→ What you will do
Pictures in the listing should not be copied. Reproduce, word for word, each line from the one holding "حوّل تمرينك إلى" through the final line.

→ Entries provided

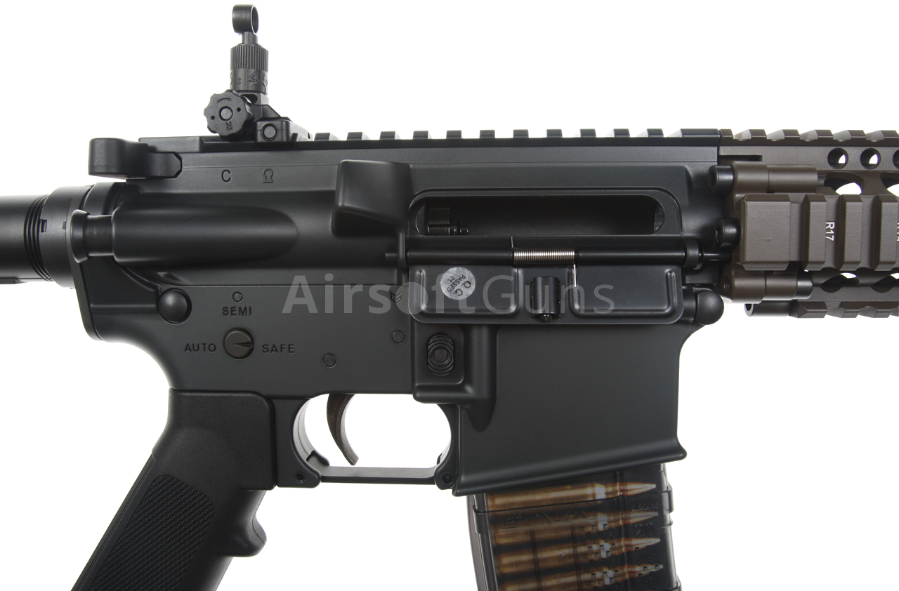 EMG Colt MK18 10.5 Inch Mod 1, DD RII, GBBR, Black/Brown Two Tone, Cyma CGS, COLT.1001
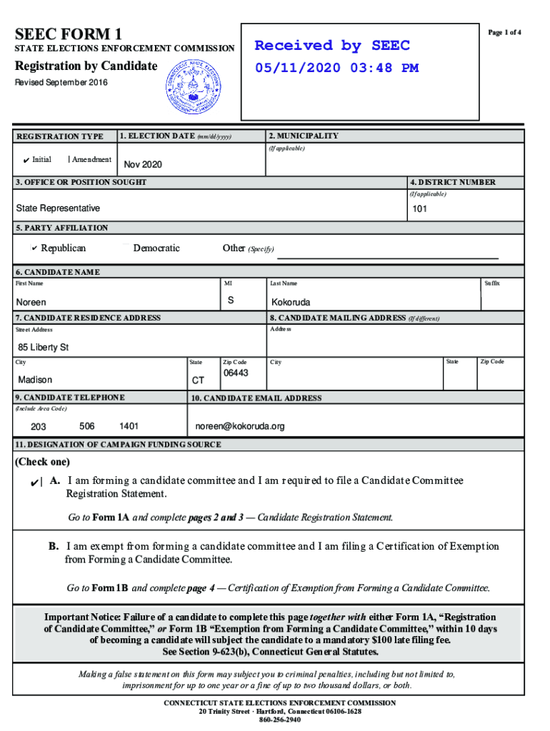 SEE FORM 1Updated 04/22/2016 with AM suggestionsSTATE ELECTIONS ENFORCEMENT COMMISSIONReceived by Preregistration by Candidate05/11/2020 03:48 PM Page 1 of 4RevisedJuly
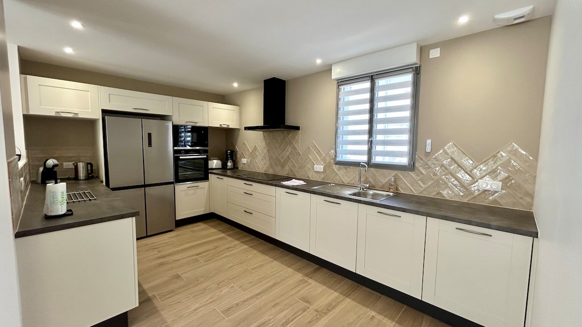 La Quiétude es una bonita casa de 50 m2 renovada donde vivir. Cocina totalmente equipada (horno, vitrocerámica, lavavajillas, lavarropa...) 2 dormitorios con cama doble 190x140, edredón 220 x240 y almohadas 65x65. No se proporcionan sábanas y toallas. A 400 metros del centro de la ciudad, a 600 metros de la playa y el puerto. Comercio a 100 metros ( Carrefour contact) Pequeño garaje y estacionamiento privado para 2 vehículos . Patio cerrado con terraza.
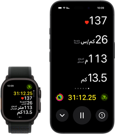 حوّل تمرينك إلى نشاط مباشر تشاهده على iPhone. واتصل بعداد طاقة لتقدير حد طاقتك الأقصى.
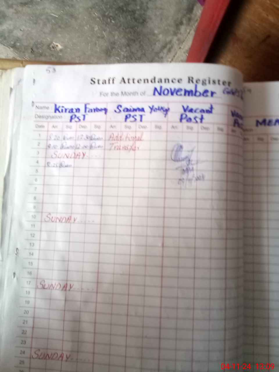 | Name: KI**** SH**** Designation: (School Headmaster's/Headmistress's) PST Phone/Cell Number: 03**** |

→ Task answer
 حوّل تمرينك إلى نشاط مباشر تشاهده على iPhone. واتصل بعداد طاقة لتقدير حد طاقتك الأقصى.
 | Name: KI**** SH**** Designation: (School Headmaster's/Headmistress's) PST Phone/Cell Number: 03**** |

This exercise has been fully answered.